As a one-person shop, Annema’s larger workflow is, effectively, take a week to develop a feature for either Android or iOS. Ship it. Then do the same feature for the other version.

The company is currently looking for an Android developer and a few other roles.

Orta Therox for the Artsy iOS app at Brooklyn iOS Developers Meetup August 2014

Orta Therox, of the Artsy iOS app. (Photo by Brady Dale)

Orta Therox told the story of Artsy’s breakneck mobile app build process.

Traditionally a website, the company realized it wanted a mobile app that could do much of what the website could.

Artsy is a sort of Pandora for visual art, and it has 65 employees and 15 developers.

The organization has 150,000 artworks in its digital collection, with permission to use all of them. A big vertical for the company is Artsy for galleries and art fairs. “There are an awful lot of stakeholders involved in planning Artsy,” Therox said.

Therox said that when the team began work on its mobile app, they isolated a few ways that people tend to use mobile apps: when they know what they want (verification), when they sort of know what they want (search), when they just want to be entertained (discovery) and when they want to know about things they are interested in changing (alerts).

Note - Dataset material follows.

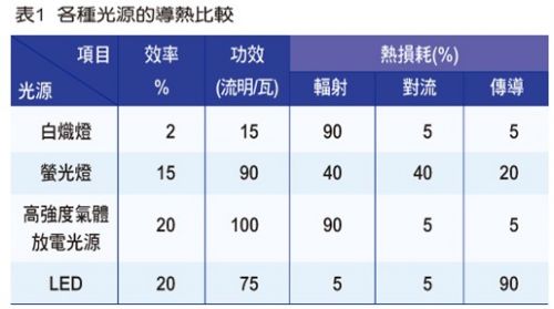 在此情況下,約20%輸入功率轉(zhuǎn)換為光,80%則轉(zhuǎn)換為熱。這取決于多種因素,發(fā)熱可能與底層不規(guī)則以及聲子發(fā)射、密封、材料等有關(guān)。在LED產(chǎn)生的總熱量中,有90%透過(guò)傳導(dǎo)傳輸。表1為耗散來(lái)自LED接面的熱量,傳導(dǎo)是導(dǎo)熱的主要通道,因?yàn)閷?duì)流和輻射僅占全部熱傳輸約10%。比如一個(gè)LED可能轉(zhuǎn)換近10.72瓦熱量(13.4瓦×0.8)。其中,9.648瓦(10.72瓦×0.9)透過(guò)傳導(dǎo)從LED接面?zhèn)鬏敾蜻w移。顯然,LED光源需要精確的功率和熱管理系統(tǒng),因?yàn)榕c其他光源相比,提供給LED的電能大部分轉(zhuǎn)換為熱量。如果沒(méi)有適當(dāng)?shù)臒峁芾恚@種熱量會(huì)影響LED壽命和色彩輸出。同時(shí)由于LED驅(qū)動(dòng)裝置屬于硅組件,很快就會(huì)失效,因此必須配備故障安全備用過(guò)電流保護(hù)裝置。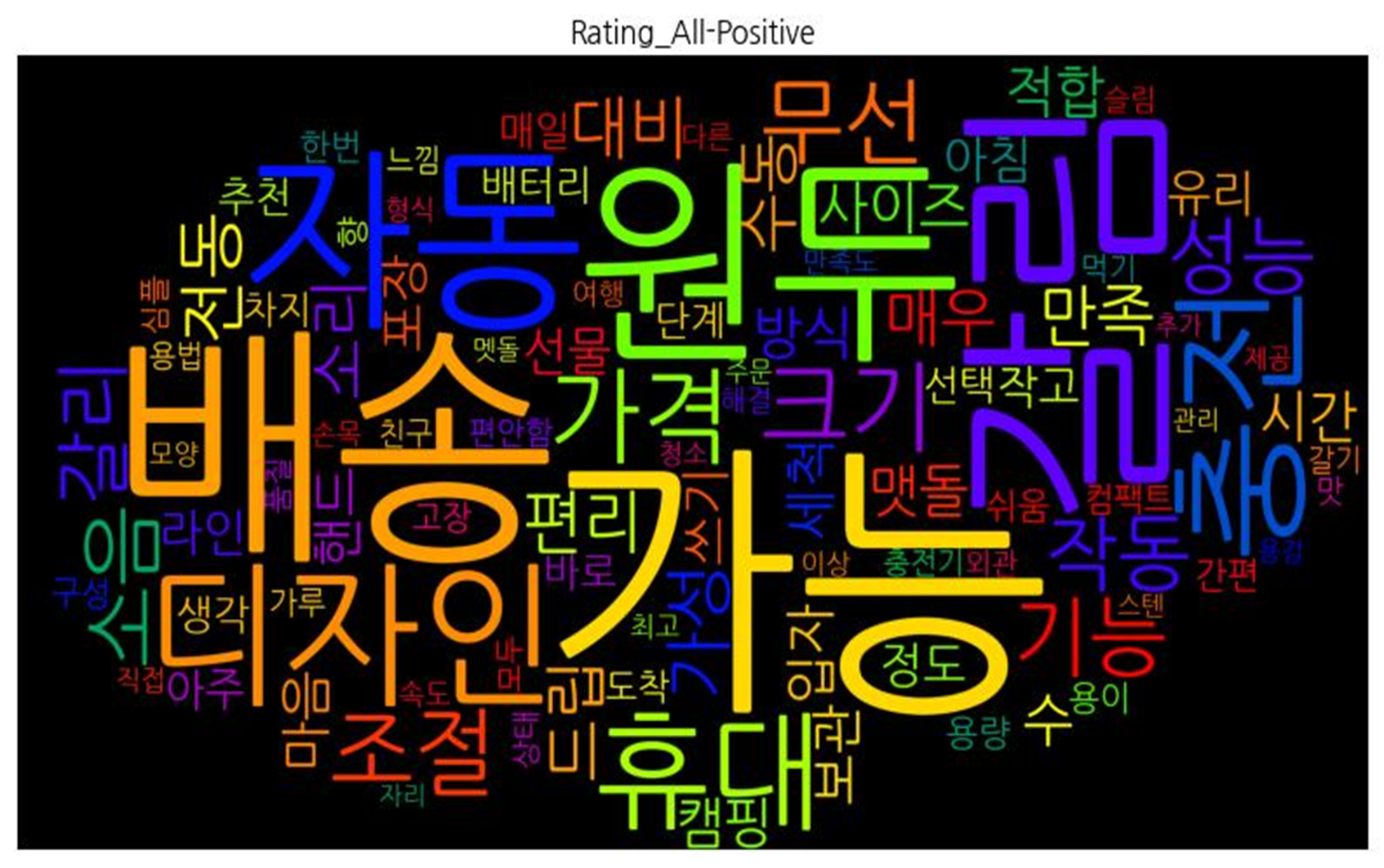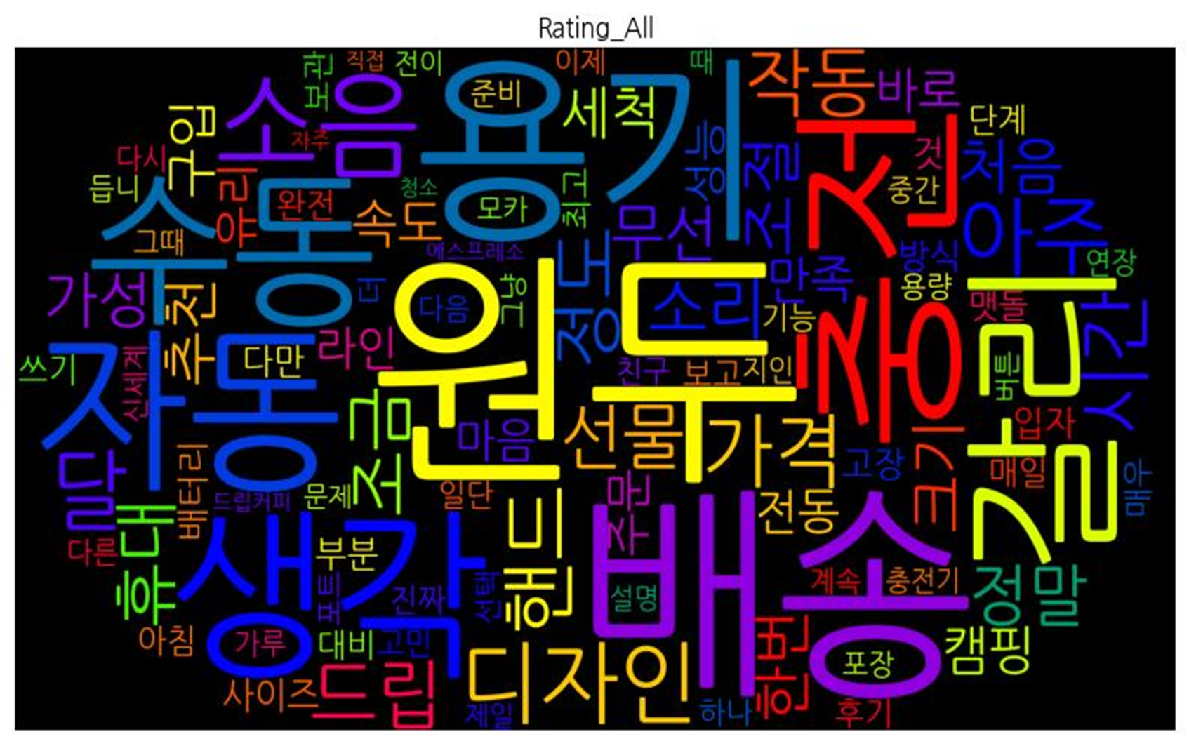 | 평점 전체 | ![]() [('원두', 711), ('배송', 587), ('용기', 443), ('충전', 406), ('생각', 371), ('자동', 346), ('갈리', 333), ('수동', 302), ('소음', 283), ('디자인', 271), ('달', 258), ('아주', 252), ('가격', 216), ('핸드', 216), ('시간', 207), ('정도', 195), ('드립', 190), ('작동', 189), ('선물', 188), ('조금', 184), ('휴대', 182), ('소리', 181), ('정말', 181), ('조절', 169), ('크기', 151), ('가성', 151), ('한번', 148), ('무선', 147), ('처음', 144), ('추천', 138), ('세척', 135), ('캠핑', 134), ('구입', 133), ('속도', 131), ('만족', 123), ('바로', 116), ('전동', 114), ('주문', 111), ('라인', 110), ('유리', 110), ('마음', 107), ('성능', 106), ('사이즈', 100), ('방식', 98), ('고장', 96), ('부분', 96), ('배터리', 95), ('것', 94), ('입자', 93), ('다만', 91), ('쓰기', 85), ('대비', 83), ('맷돌', 83), ('보고', 82), ('단계', 81), ('보관', 81), ('아침', 80), ('더', 80), ('완전', 79), ('최고', 78), ('후기', 77), ('매일', 77), ('진짜', 70), ('매우', 70), ('일단', 67), ('고민', 66), ('기능', 66), ('친구', 64), ('하나', 63), ('포장', 58), ('다시', 58), ('다른', 58), ('지인', 57), ('다음', 57), ('듭니', 57), ('연장', 56), ('중간', 55), ('그냥', 55), ('선택', 54), ('용량', 54), ('준비', 54), ('가루', 53), ('포트', 52), ('계속', 51), ('이제', 51), ('그때', 51), ('모카', 49), ('설명', 46), ('충전기', 46), ('제일', 45), ('전이', 45), ('신세계', 45), ('때', 45), ('문제', 44), ('버튼', 44), ('에스프레소', 44), ('직접', 43), ('드립커피', 43), ('청소', 43), ('자주', 43)] |

A few tips from Artsy’s process of building from scratch:

  • Reveal was the tool the team really came to rely on to see what was going on in the app.
  • “Authentication is the first thing I would do from now on,” Therox said. With the Artsy app, they did it last and regretted it.
  • He did so much QA in the app that he actually started to lose skin on his finger from all the swiping.
  • Use open source code. The Artsy team used as much as they could and contributed what they made or forked.
  • Create an offline mode. Therox always builds a robust offline mode into all his apps. It’s food, for example, for permitting him to keep doing QA when he doesn’t have mobile Internet access.

See his slides here.

Once he got the app done, shipped and it seemed to be working, Therox built in some Easter Eggs. If you’re an Artsy user, you can see the whole app rendered in ASCII (including the art) by using the Konami Code, (BA). Try it out.